Go with financing. Talk to the professors or department head about your GPA being too low but that you are more mature now. I bet they will bend the rules for you if you are straight up and honest about it.
Management is blah. Marketing is even more blah.
At my school (GWU 00') you either got a BBA or an accounting degree. The BBAs had focuses in areas like Info systems, finance, real estate, hr, marketing, etc.
Marketing was where the people at the bottom of the barrel went. The couldn't do the math that was required for finance, real estate, or accounting, couldn't handle computers for info sys, and just couldn't quiet handle remembering all the employment regulations for HR.
Same goes for the professors. I see your school has the same problem with the marketing department at my school. Namely, they don't talk about _real_ marketing. They cover the simple, sexy stuff like advertising, sales, etc.
What they don't talk about is B-to-B marketing and supply chain management, pricing models, and just how you go from getting a product from a factory floor to it's ultimate destination. Or stuff like ad placement / points / arbitron/nielson.
Ultimately, you are going to make your own opportunities out there. For the most part, the purpose of the degree is not to prove that you learned something in particular, but that you can get your act together enough to complete a degree. So what matters more than anything is the school you actually went to than what area of business you focused on.

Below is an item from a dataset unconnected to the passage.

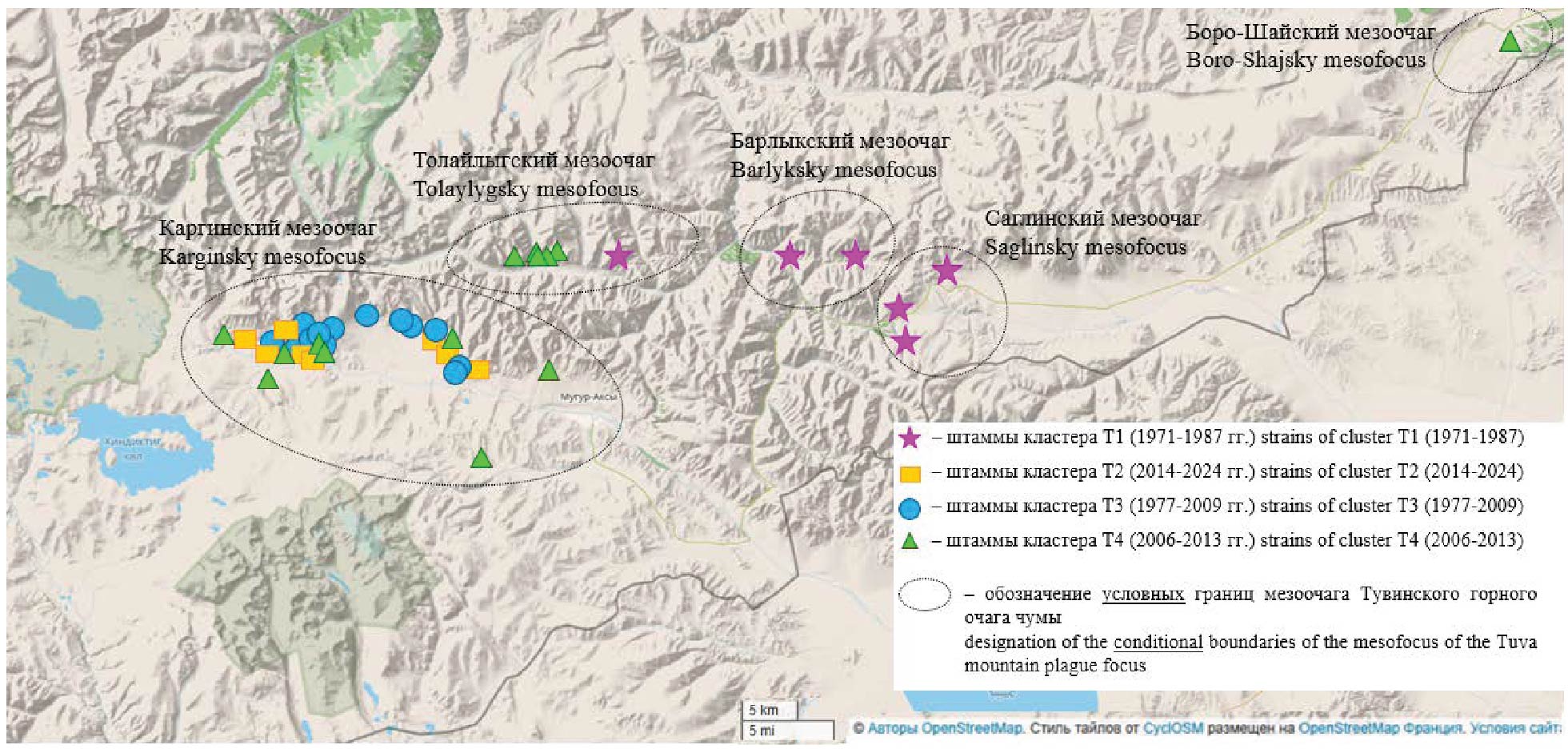 Results. According to SNP-analysis of Y. pestis strains of lineage 4.ANT from the TMPF, the presence of 4 phylogeographic groups was established: T1 (Saglinsky, Tolaylyg and Barlyk mesofoci, 1971–1987), T2 (Karginsky mesofocus, 2014–2024), T3 (Karginsky mesofocus, 1977–2009), T4 (Karginsky, Tolaylyg and Boro-Shai mesofoci, 2006–2013). Eight MLVA-genotypes of strains of 4.ANT lineage from Tuva and variable VNTR loci were identified: yp1290ms04, yp1935ms05, yp0559ms15, yp4042ms35, yp4425ms38, yp1108ms45, yp4280ms62, yp1580ms70.

However, you should pick something where you will learn something - and I firmly believe that finance will teach you the most - it will teach you how the world works. You will have one key concept - the time value of money - drilled into you over and over and over along with a few other things (how to read / create / analyze balance sheets, moral hazard, adverse selection, the agency problem).
Five years out, I ma very happy with that choice (I actually doubled in finance and master info systems).